Laura Quinkan Indigenous Dance Festival, Cape York
Held in the remote Queensland outpost of Laura, this biennial, three-day festival is a riot of colour and culture as some 20 different Cape communities gather to share stories and histories through music, song and spectacular traditional group dancing. The next festival, overseen by the Ang-Gnarra Aboriginal Corporation, the trustee of the traditional lands of the Ang Gnarra people in and around Laura, is scheduled to take place from 7–9 July 2023.

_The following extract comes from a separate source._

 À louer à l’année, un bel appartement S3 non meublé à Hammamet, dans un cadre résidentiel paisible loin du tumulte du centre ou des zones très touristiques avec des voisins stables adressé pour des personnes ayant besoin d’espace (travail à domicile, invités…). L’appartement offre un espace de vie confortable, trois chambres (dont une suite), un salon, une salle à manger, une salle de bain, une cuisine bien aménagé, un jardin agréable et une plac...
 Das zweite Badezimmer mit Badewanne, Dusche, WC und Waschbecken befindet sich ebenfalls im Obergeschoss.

Parrtjima + Alice springs beanie festival, Mparntwe/Alice Springs
Ancient traditions meet New-Age technology to spectacular effect at Parrtjima (parrtjimaaustralia.com.au), the celebrated annual festival of light (pictured below right). Over 10 days, works by Aboriginal artists are transformed into mesmerising light installations and projected against the imposing 300-million-year-old backdrop of the MacDonnell Ranges. The 2022 event will light up the Central Australian night sky from 8–17 April. Alice Springs is also home to the delightfully quirky Beanie Festival (beaniefest.org), with Aboriginal and non-Aboriginal artists gathering together to celebrate the humble beanie. This year’s festival will take place at Araluen Arts Centre from 24-27 June.
Big Red Bash, Birdsville
There are three things in Birdsville that everyone knows about: the iconic hotel, the annual race meeting and the Big Red Bash (above right), a three-day extravaganza of Aussie music held in the breathtaking surrounds of Munga Thirri National Park (Simpson Desert). Proudly boasting to being the most remote music festival in the world, the tyranny of distance doesn’t stop crowds from flocking to see some of Australian music’s biggest artists, including the likes of Jimmy Barnes, Missy Higgins, Kasey Chambers and Kate Ceberano on the 2022 bill, scheduled to take place from 5–7 July.

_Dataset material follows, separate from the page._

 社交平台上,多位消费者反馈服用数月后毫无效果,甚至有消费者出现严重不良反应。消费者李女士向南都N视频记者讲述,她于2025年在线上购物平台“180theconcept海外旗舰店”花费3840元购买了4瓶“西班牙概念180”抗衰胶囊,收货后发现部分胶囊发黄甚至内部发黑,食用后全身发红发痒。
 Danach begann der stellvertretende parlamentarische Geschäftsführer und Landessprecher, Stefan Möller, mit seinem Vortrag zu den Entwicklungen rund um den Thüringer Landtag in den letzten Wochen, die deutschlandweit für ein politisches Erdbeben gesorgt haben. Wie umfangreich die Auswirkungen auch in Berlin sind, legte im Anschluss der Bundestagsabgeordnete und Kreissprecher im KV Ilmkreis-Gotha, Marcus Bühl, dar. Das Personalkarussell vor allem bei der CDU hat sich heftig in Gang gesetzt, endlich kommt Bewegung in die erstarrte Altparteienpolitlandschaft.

Darwin Aboriginal Art Fair
Having been established in 2007, the Darwin Aboriginal Art Fair (DAAF), held on Larrakia Country, has gone on to become the country’s largest and most significant Aboriginal and Torres Strait Islander visual arts event. With more than 70 Aboriginal and Torres Strait Islander Art Centres in attendance, representing more than 2000 artists, DAAF also boasts a program of cultural events including artist talks, dance, music, food and the hugely popular Country to Couture runway show (below left). And the best thing about DAAF is that it gives art lovers the chance to buy Indigenous art in an ethical and responsible manner, with 100 per cent of the money raised from the sale of artworks (both at the show and as part of its new online program) going directly to the artists and their communities. The 2022 fair will take place from 5–7 August.

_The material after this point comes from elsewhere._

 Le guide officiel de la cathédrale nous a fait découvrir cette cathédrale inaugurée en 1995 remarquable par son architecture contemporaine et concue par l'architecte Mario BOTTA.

The Broken Hill Mundi Mundi Bash
This is the country’s newest outback festival, and in 2022 it will be held twice – from 21–23 April and 18–20 August. From the organisers of the Big Red Bash, the action takes place on the Mundi Mundi Plains with the Barrier Ranges in the background. The line-up for the family-friendly, all-ages festival includes Paul Kelly, Ian Moss and John Williamson in April and Busby Marou, Jon Stevens and Daryl Braithwaite in August.